In 1990, these studies culminated in a synthetic, self-complementary that acted as a template for its own formation.

It showed autocatalysis based on molecular recognition and was the first synthetic system to show a primitive sign of life: self-replication.

The template grasps the reactants by hydrogen bonding at both ends as indicated below.

The self-complementary "recipe" has been incorporated universally in self-replicating systems synthesized in other research groups.

Philip Ball in his book, Designing the Molecular World, argues that Rebek's self-replicating molecules share some criteria with both nucleic acids and proteins and, moreover, "their replications operates according to novel kind of molecular interaction rather than mimicking the complementarity base pairing of nucleic acids. One could view this as an indication that perhaps DNA is not the sine qua non of life, so that one might conceive of organisms that 'live' according to completely different molecular principles."

He suggests that Rebek has been able to pursue the idea of "molecular 'evolution' by making artificial replicators that can be mutated. … The considerable excitement that has greeted Julius Rebek's work is inspired in part by the possibilities that it raises for exploring the kind of chemical processes that led to the appearance of life on our planet."

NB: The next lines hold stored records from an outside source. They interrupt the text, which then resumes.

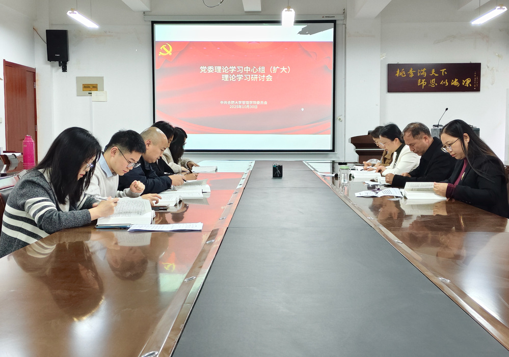 2025 年 10 月 30 日下午,管理学院在一期 6 栋二楼会议室召开党委理论学习中心组(扩大)学习研讨会,学院党政班子全体成员、组织员、各党支部书记参会,会议由学院党委书记刘金平主持。
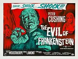 The Evil of Frankenstein is a 1964 British film directed by Freddie Francis and starring Peter Cushing, Sandor Elès and Kiwi Kingston.[3] The screenplay was by Anthony Hinds (as John Elder). It is the third instalment in Hammer's Frankenstein series.
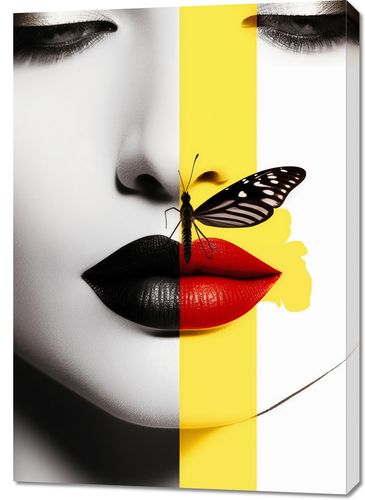 Obraz z serii abstrakcja zatytułowany Motyla Piękność. Ten obraz przedstawia twarz kobiety podzieloną na dwa kontrastujące segmenty: jeden w czerni i bieli, drugi w żywych kolorach z motylem na ustach. Ilustracja eksploruje temat dualizmu natury ludzkiej, piękna i jego zmienności. Obraz ten jest idealnym wyborem dla przestrzeni o współczesnym designie, takich jak salony piękności, studia artystyczne, a także jako wyrazisty element dekoracyjny w nowoczesnych domach.
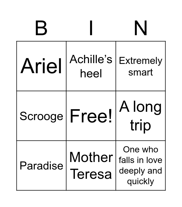 This bingo card has a free space and 9 words: Paradise, Extremely smart, Achille’s heel, Scrooge, Ariel, A long trip, One who falls in love deeply and quickly, Pandora’s Box and Mother Teresa.

British ethologist Richard Dawkins in his book, River out of Eden, suggests that Rebek's replicating molecules "raise the possibility of other worlds having a parallel evolution [to Earth's] but with a fundamentally different chemical basis."

1993

Through collaboration with Javier de Mendoza in 1993, Rebek managed to create a self-assembling capsule.

These form reversibly by completely surrounding small molecule targets and have become a versatile tool of modern physical organic chemistry.

They exist in solution at equilibrium and under ambient conditions.

They act as nanometric reaction chambers, as means to stabilize reagents, as sources of "complexes within complexes" and as spaces where new forms of stereochemistry have been created.

1996

In July 1996, he moved his research group to the Scripps Research Institute to become the director of the Skaggs Institute for Chemical Biology, where he continues to work in molecular recognition and self-assembling systems.

Rebek is a member of the National Academy of Sciences.